Question 4: Inference on Tornado Trend

a) The t-test for the slope coefficient assesses whether a significant linear trend exists. If the p-value is small (less than 0.05), there is evidence supporting a trend. The confidence interval for the slope also helps assess this; if it excludes zero, the trend is statistically significant.

b) A 95% CI for the slope provides bounds within which the true annual change in tornado counts likely falls. For example, if the interval is (20, 50), it indicates that tornadoes increase by between 20 and 50 per year, justifying the presence of an increasing trend.

c) Using the fitted regression model, the predicted number of tornadoes in 2015 is computed as the intercept plus the estimated slope times 2015.

d) An interval for actual tornado counts in 2015, accounting for prediction variability, is calculated as the predicted value ± t* × standard error of forecast, giving the range within which future observations are expected to fall with 95% confidence.

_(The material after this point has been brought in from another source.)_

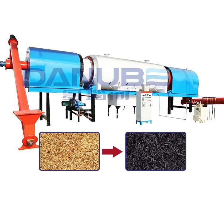 Ligne de production de charbon de bois de four à carbonisation continue rotatif Danube Brand Paddy Straw Biochar Riz Husk Husk

Question 5: Tuition Data Analysis from 2008 to 2014

a) Plotting 2008 versus 2014 tuition, we observe a positive linear relationship. Outliers or unusual points could appear, possibly due to data entry errors or unique institutions. The linear trend appears reasonable as tuition generally increased over the period.

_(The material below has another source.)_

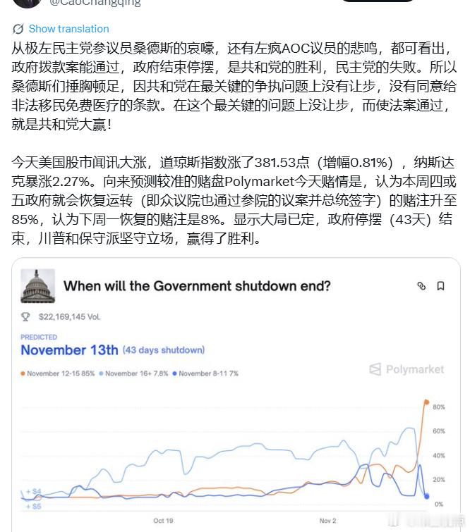 美国参议院已正式通过临时拨款法案(CR),以结束民左党导致的政府关门——该法案现

b) Fitting a simple linear regression:

```R

tuition_data

plot(tuition_data$TUITION_2008, tuition_data$TUITION_2014, main='Tuition in 2008 vs 2014', xlab='2008 Tuition', ylab='2014 Tuition')

model_tuition

summary(model_tuition)

```

The least-squares line summarizes the average change pattern.

c) Residual plot indicates whether the model is appropriate. Unusual patterns or heteroscedasticity suggest the need for more complex models or transformations.

d) Removing the five California schools and refitting the model, the estimates may change—for example, the slope might decrease if those schools had higher-than-predicted increases—highlighting their influence on the overall trend.

Question 6: Inference with California Schools Removed

a) Hypotheses: H0: β1 = 0 (no linear relationship); Ha: β1 ≠ 0 (linear relationship exists).

b) The test statistic is t = (b1 - 0) / SEb1, and the p-value is obtained from the t-distribution. If p

c) The 95% confidence interval for β1 is b1 ± t* × SEb1, which quantifies the range of plausible values for the annual percent increase in tuition. If the interval excludes zero, it supports a significant trend.

d) R-squared values quantify the proportion of variation explained. For the model, the R-squared indicates how well 2008 tuition predicts 2014 tuition.

e) Inference on β0 (intercept) is typically not of interest because it represents the estimated tuition at zero, outside the data's practical range, thus not meaningful.

Question 7: Predictions Based on the Model

a) For a hypothetical tuition of $8,800 at Skinflint U in 2008, the predicted 2014 tuition is calculated using the regression equation.

b) Similarly, for I.O.U. with $15,700 tuition in 2008, the predicted 2014 tuition is obtained.

c) Discussing the appropriateness, predictions depend on the model's accuracy within the observed data range. Extrapolation beyond the data range or for institutions with unique factors may reduce prediction reliability.

References

  • Kutner, M. H., Nachtsheim, C. J., Neter, J., & Li, W. (2004). _Applied Linear Statistical Models_ (5th ed.). McGraw-Hill/Irwin.
  • Montgomery, D. C., Peck, E. A., & Vining, G. G. (2012). _Introduction to Linear Regression Analysis_. Wiley.
  • Faraway, J. J. (2014). _Linear Models with R_. Chapman and Hall/CRC.
  • Fox, J. (2015). _Applied Regression Analysis and Generalized Linear Models_. Sage Publications.
  • Zeileis, A., & Hothorn, T. (2002). Diagnostic checking in regression relationships. _Journal of Statistical Software_, 7(2), 1–25.
  • Venables, W. N., & Ripley, B. D. (2002). _Modern Applied Statistics with S_. Springer.
  • Chatterjee, S., & Hadi, A. S. (2015). _Regression Analysis by Example_. Wiley.
  • Wilkinson, L. (2012). _Statistical Methods in Psychology_. Cambridge University Press.
  • Carroll, R. J., & Ruppert, D. (2010). _Measurement Error in Nonlinear Models_. CRC Press.
  • Gelman, A., & Hill, J. (2007). _Data Analysis Using Regression and Multilevel/Hierarchical Models_. Cambridge University Press.